> **Supplied material**
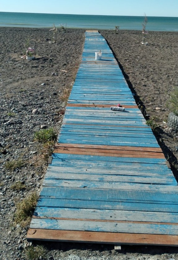 Al respecto, el tallerista del área de Discapacidad, Vicente Sales señaló que “realizamos trabajo de reposición de rampas en el sector de los Palos de Playa Unión, algunas tablas estaban deterioradas por el paso del tiempo, otras quebradas y agregamos cinco metros más de palets que ahora están más cerca de la costa” agradeciendo “al vecino José Aquino quien es jardinero y nos donó plantas, hemos puesto cuatro plantas de tamariscos de cada lado de las rampas”.
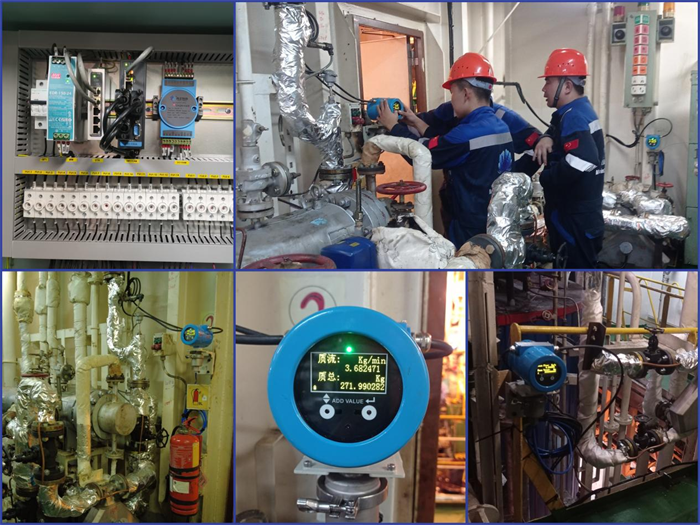本次D-Performance船舶能效監(jiān)測系統(tǒng)加裝,儒海在接到船東緊急需求后,各部門迅速響應(yīng),緊密配合。綠色技術(shù)研究院第一時間登輪勘測,設(shè)計改裝方案;集采中心針對傳感器等硬件與耗材快速采購供船;工程技術(shù)軍團和工業(yè)互聯(lián)網(wǎng)產(chǎn)品研發(fā)團隊加班搶工,僅用8天就完成了D-Performance系統(tǒng)加裝、調(diào)試、操作培訓(xùn)工作,其中加裝了6臺燃油質(zhì)量流量計、主機軸功計和相關(guān)配套設(shè)施,實現(xiàn)了主輔機及鍋爐燃油消耗、主機軸功率、AMS、GPS等運行和能效數(shù)據(jù)的自動采集。
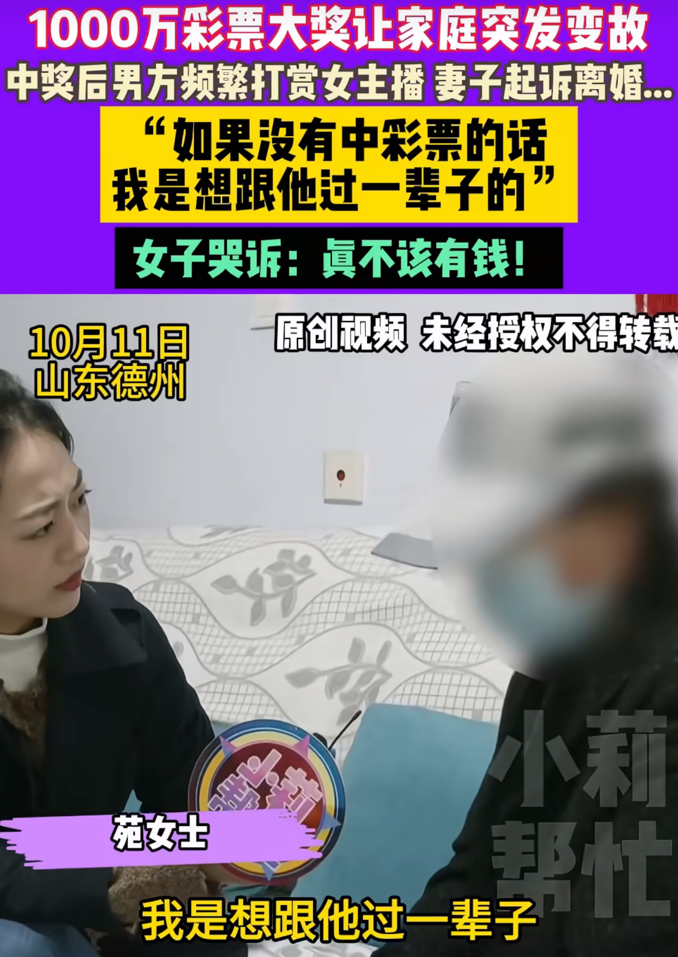 “他中奖前说会陪我到老,现在却把卡里的钱全转走了!”山东德州的苑女士攥着空银行卡,在镜头前哭得浑身发抖。去年12月,她丈夫中了1017万大奖,税后实得814万,可这笔钱非但没让日子变甜,反而成了撕裂婚姻的利刃——丈夫取走710万后,整夜给女主播打赏,4天不归家,被发现时正和女主播同进同出。更扎心的是,他曾当着苑女士的面说“要找个主播生孩子”。
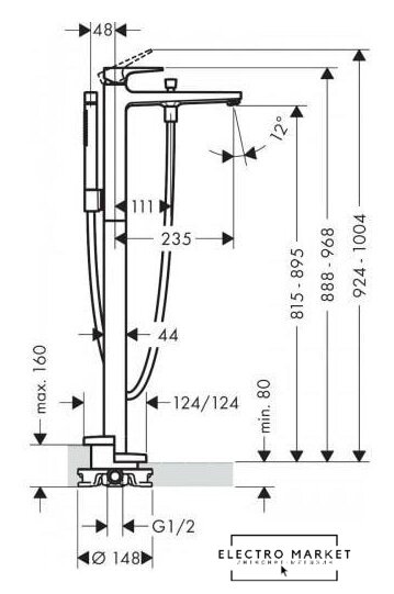 термостатический смеситель для ванны и душа, монтаж скрытый
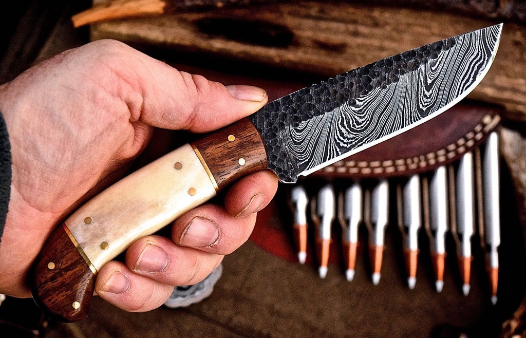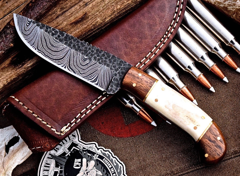 Experience the perfect blend of functionality and artistry with our Custom Hunting Knife. Expertly handcrafted, this knife boasts a 4.5-inch blade made from full tang hand-forged Damascus steel, ensuring both exceptional strength and stunning aesthetics. With an overall length of 9 inches, it offers the ideal balance for precision and comfort during your hunting adventures. The handle, crafted from a combination of rosewood and bone, provides a beautiful grip that enhances durability and control. Each knife comes with a quality leather sheath for safe storage and easy transport, making it a must-have for any hunting enthusiast.

> **Required work**
Output all of the records word for word, and keep the pictures out of the copy.

> **Answer section**
 Al respecto, el tallerista del área de Discapacidad, Vicente Sales señaló que “realizamos trabajo de reposición de rampas en el sector de los Palos de Playa Unión, algunas tablas estaban deterioradas por el paso del tiempo, otras quebradas y agregamos cinco metros más de palets que ahora están más cerca de la costa” agradeciendo “al vecino José Aquino quien es jardinero y nos donó plantas, hemos puesto cuatro plantas de tamariscos de cada lado de las rampas”.
本次D-Performance船舶能效監(jiān)測系統(tǒng)加裝,儒海在接到船東緊急需求后,各部門迅速響應(yīng),緊密配合。綠色技術(shù)研究院第一時間登輪勘測,設(shè)計改裝方案;集采中心針對傳感器等硬件與耗材快速采購供船;工程技術(shù)軍團和工業(yè)互聯(lián)網(wǎng)產(chǎn)品研發(fā)團隊加班搶工,僅用8天就完成了D-Performance系統(tǒng)加裝、調(diào)試、操作培訓(xùn)工作,其中加裝了6臺燃油質(zhì)量流量計、主機軸功計和相關(guān)配套設(shè)施,實現(xiàn)了主輔機及鍋爐燃油消耗、主機軸功率、AMS、GPS等運行和能效數(shù)據(jù)的自動采集。
 “他中奖前说会陪我到老,现在却把卡里的钱全转走了!”山东德州的苑女士攥着空银行卡,在镜头前哭得浑身发抖。去年12月,她丈夫中了1017万大奖,税后实得814万,可这笔钱非但没让日子变甜,反而成了撕裂婚姻的利刃——丈夫取走710万后,整夜给女主播打赏,4天不归家,被发现时正和女主播同进同出。更扎心的是,他曾当着苑女士的面说“要找个主播生孩子”。
 термостатический смеситель для ванны и душа, монтаж скрытый
 Experience the perfect blend of functionality and artistry with our Custom Hunting Knife. Expertly handcrafted, this knife boasts a 4.5-inch blade made from full tang hand-forged Damascus steel, ensuring both exceptional strength and stunning aesthetics. With an overall length of 9 inches, it offers the ideal balance for precision and comfort during your hunting adventures. The handle, crafted from a combination of rosewood and bone, provides a beautiful grip that enhances durability and control. Each knife comes with a quality leather sheath for safe storage and easy transport, making it a must-have for any hunting enthusiast.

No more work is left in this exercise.